While our study demonstrates the beneficial role of AI assistance, its introduction into healthcare system necessitates careful consideration of its impact on skill acquisition and maintenance among medical trainees, as emphasized by Chassagnon et al. 34. Addressing this issue requires ongoing collaboration between medical educators, healthcare providers, and AI developers to optimize training programs and ensure the responsible integration of AI into clinical practice. This collaboration is essential for cultivating radiology experts and ensuring that AI complements and enhances the capabilities of healthcare professionals, rather than replacing their expertise.
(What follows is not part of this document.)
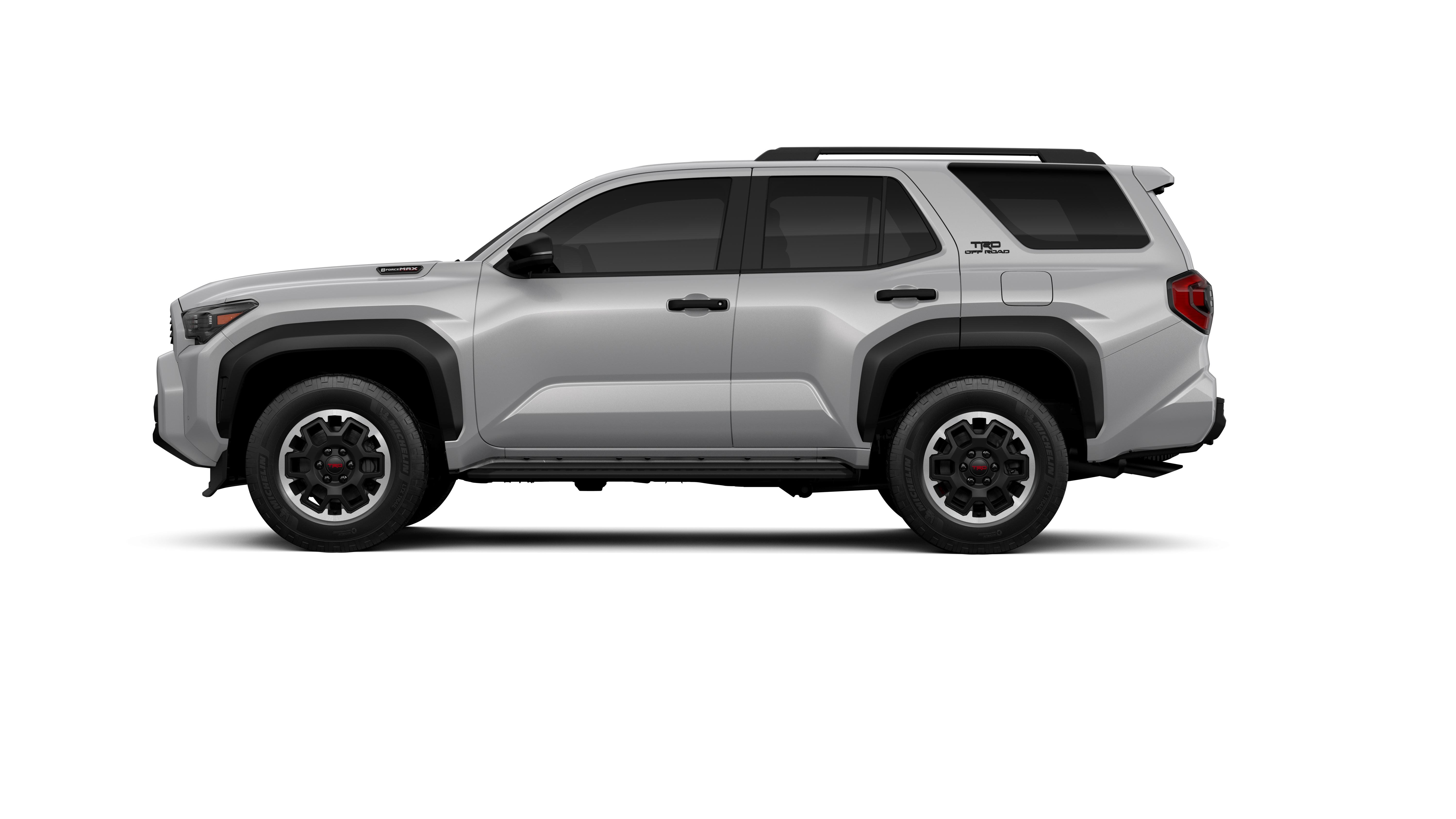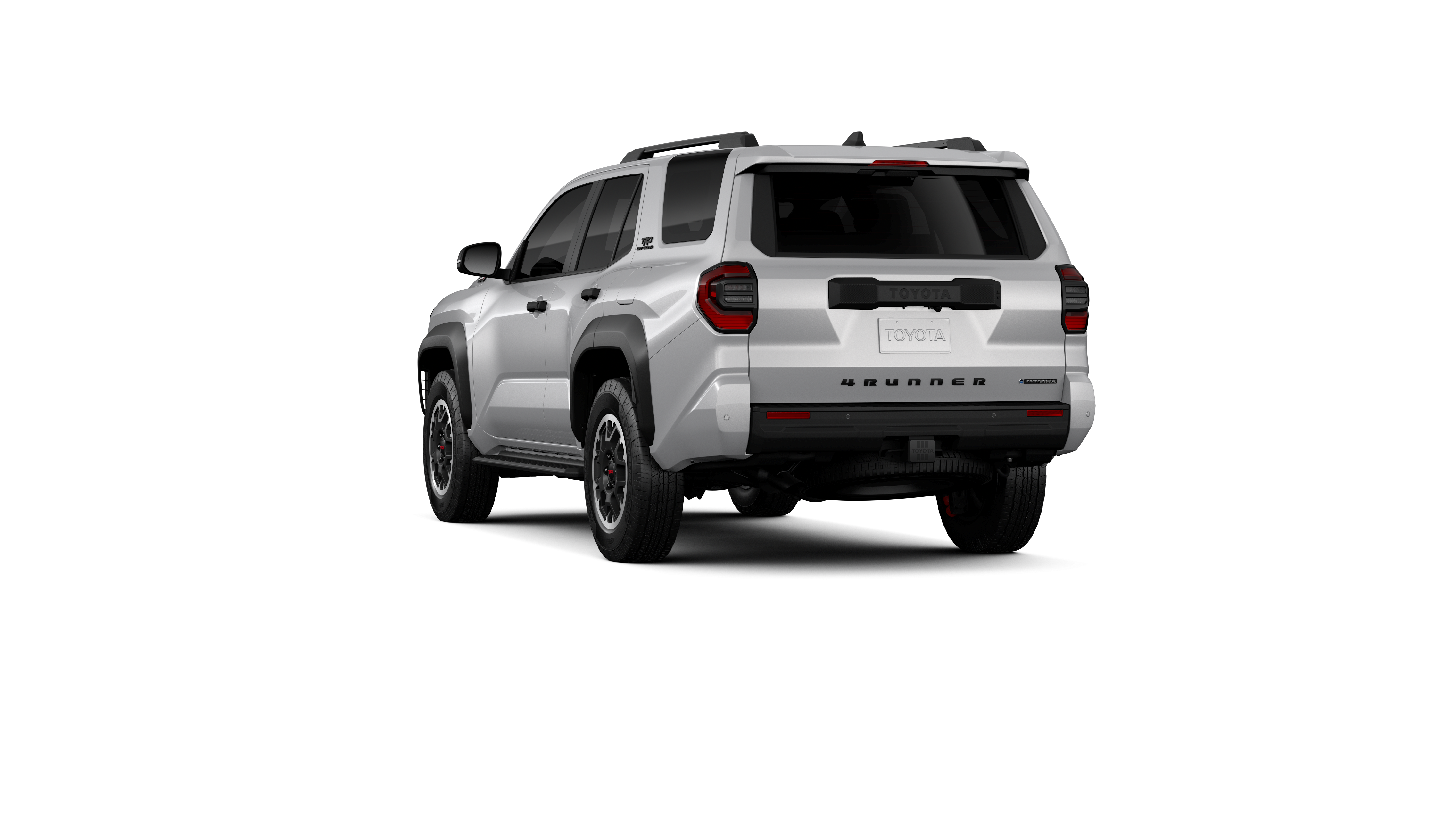 - Black honeycomb-style grille, mirror caps, door handles and overfenders; color-keyed rear spoiler; black "TRD OFF ROAD" and "4RUNNER" badges
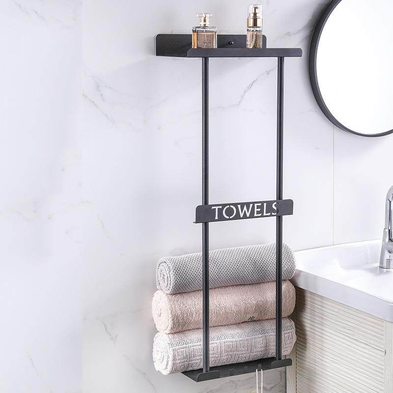 亚马逊浴室免打孔收纳架可伸缩毛巾架厨房淋浴房墙上壁挂式置物架

There are several limitations of this study that should be noted. First, determination of CCM and AIH is challenging, particularly when the lesion is small and no further management is indicated. In routine clinical practice, the ground truth might remain elusive in such cases. To address this limitation, we implemented a rigorous approach and included patients whose management involved follow-up imaging to observe interval changes or MRI examinations for accurate diagnosis within a defined time frame. These assessments were carried out by consensus between two experienced neuroradiologists with a minimum of 11 and 13 years of radiology expertise, ensuring meticulous interpretation. Second, the relatively limited number of reviewers might have introduced a potential influence on the generalizability of our findings. The composition of reviewers in our study may not be fully representative of the entire subgroup, introducing a degree of uncertainty in the robustness of our conclusions. Moreover, the varying levels of experience among the reviewers could have impacted the study outcomes, introducing an additional layer of complexity. Third, there is a possibility that the first assessment by the reviewers influenced the interpretation of the second assessment. To mitigate this potential bias, the second assessment was conducted after a 4-week washout period, and the order of dataset images for assessments was randomly reorganized. Fourth, although we meticulously selected cases without other causes of AIH to eliminate secondary hemorrhages, the possibility of an underlying cause of hemorrhage that was not identified within our institute remains a potential limitation of this study. Fifth, the retrospective nature of our study and inherent demographic traits of the study population give rise to the possibility of inherent biases and limitations associated with data collection. Further investigations involving larger and more diverse cohorts of patients and reviewers would be valuable to validate and extend our findings. Nonetheless, this study represents the first attempt to apply an AI algorithm in distinguishing CCM and AIH using brain CT images while also comparing the diagnostic accuracy across different levels of physician experience.

In conclusion, our study provides compelling evidence of the substantial potential of AI algorithms in differentiating between CCM and AIH on brain CT images. The improved diagnostic performance achieved through AI assistance highlights its valuable role in aiding clinicians, particularly those lacking expertise in neuroradiology.